Ricky and Margie had been going steady for about a month, the first of my friends to establish such a relationship. This meant that he gave her his ARISTA pin to make the arrangement official, they would assume they would go out together every Friday and Saturday night (he would not have to ask her for a “date” at least a week in advance), he would call her all other evenings during which time they would review the day’s events (“Did you see what that Sheila was wearing today? What a tramp”; “Can you believe it, Mr. Gatti taught his class all day with his fly open”; “My mother doesn’t want me to let my hair grow long. I don’t know what I’ll do. I feel like dying.”), and most important Ricky would be allowed to slip his hand under Margie’s brassiere without too many preliminaries.

Ellen was Margie’s best friend. I had never met her. She lived on the other side of Brooklyn; up near the border with Queens. I had heard about her from Ricky who told me that she was cute and a good dancer and didn’t have a boyfriend. Though I was desperate for Margie, through Ricky, to introduce me to some of her girlfriends, Ellen didn’t seem like a realistic possibility since she lived so far away—at least two bus rides distance. And since I was the opposite of cute much less handsome (six-feet-two, only 140 pounds, and already sprouting a crop of pimples), I thought her cuteness would by definition rule me out of boyfriend contention.

In spite of this, when I saw her curled up on Margie’s bed, moving on the mattress to Elvis as only a good dancer could, I was smitten.

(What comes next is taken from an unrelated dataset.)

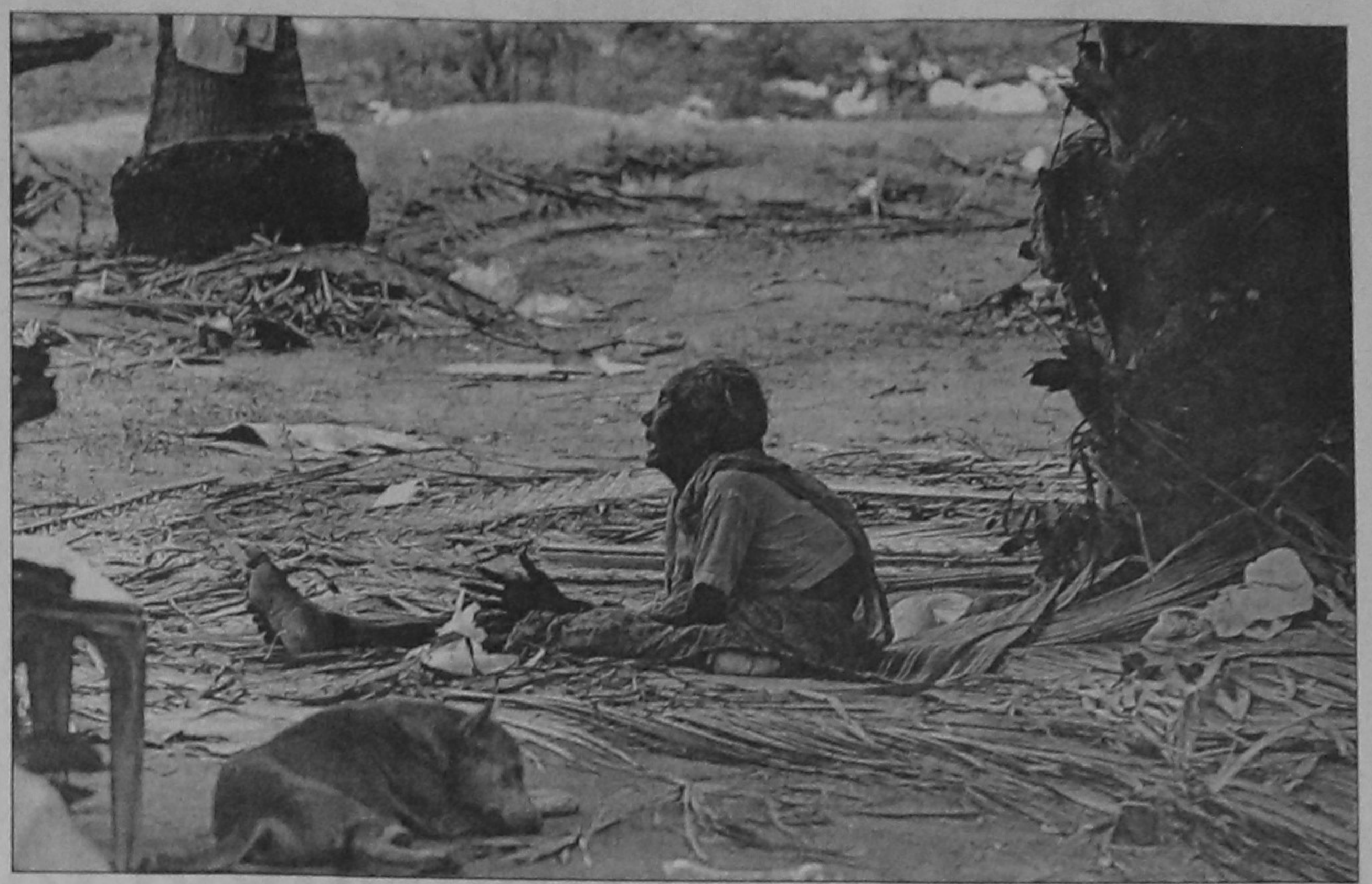
An elderly Sri Lankan Tamil civilian sits among the rubble of a village near Puthukkudiyiruppu on Friday. The Sri Lankan army has made steady advances in recent days against the separatist Liberation Tigers of Tamil Eelam (LTTE), slowly beating back the guerrillas.

The UN says nearly 6,500 civilians have been killed in the fighting over the past three months. The rebels, listed as a terror group by many Western nations, have been fighting since 1983 for an ethnic Tamil state in the north and east after decades of marginalisation by governments dominated by the Sinhalese majority.

Tortured soul that I was at such an early age (I was a prodigy in the field of unhappiness), smitten though I was, I was also nervous; because though I was attracted to the dancer part, I had two left feet and there was no way that at least one of them wouldn’t always be stepping on one of hers if we ever got onto a dance floor. However, I was hopeful because of the no boyfriend and very interested in the cute part because Ellen was just as advertised.

I knew from Ricky, who was obviously more advanced than I in these matters (just look at what he and Margie were up to), that it was essential to have a good opening line one when attempting to attract girls.

So I tried one of my best, to be more impressive even pulling myself up out of my usual slump, “Margie tells me you’re very good at Algebra.”

Still moving her hips to Elvis, she said, “Actually, it’s Geometry that I really love.”

“I haven’t taken that yet. I’m not sure I’ll like it.”

“Well, if you’re good at drawing or art it helps.”

“I’m not very good at that either,” quickly realizing that maybe this was not going well. How could I be impressing her if I was already managing to bore myself? And how, I am sure you are wondering, could something that began this pathetically lead to my lying naked with Ellen, under her parent’s day bed, just six months later?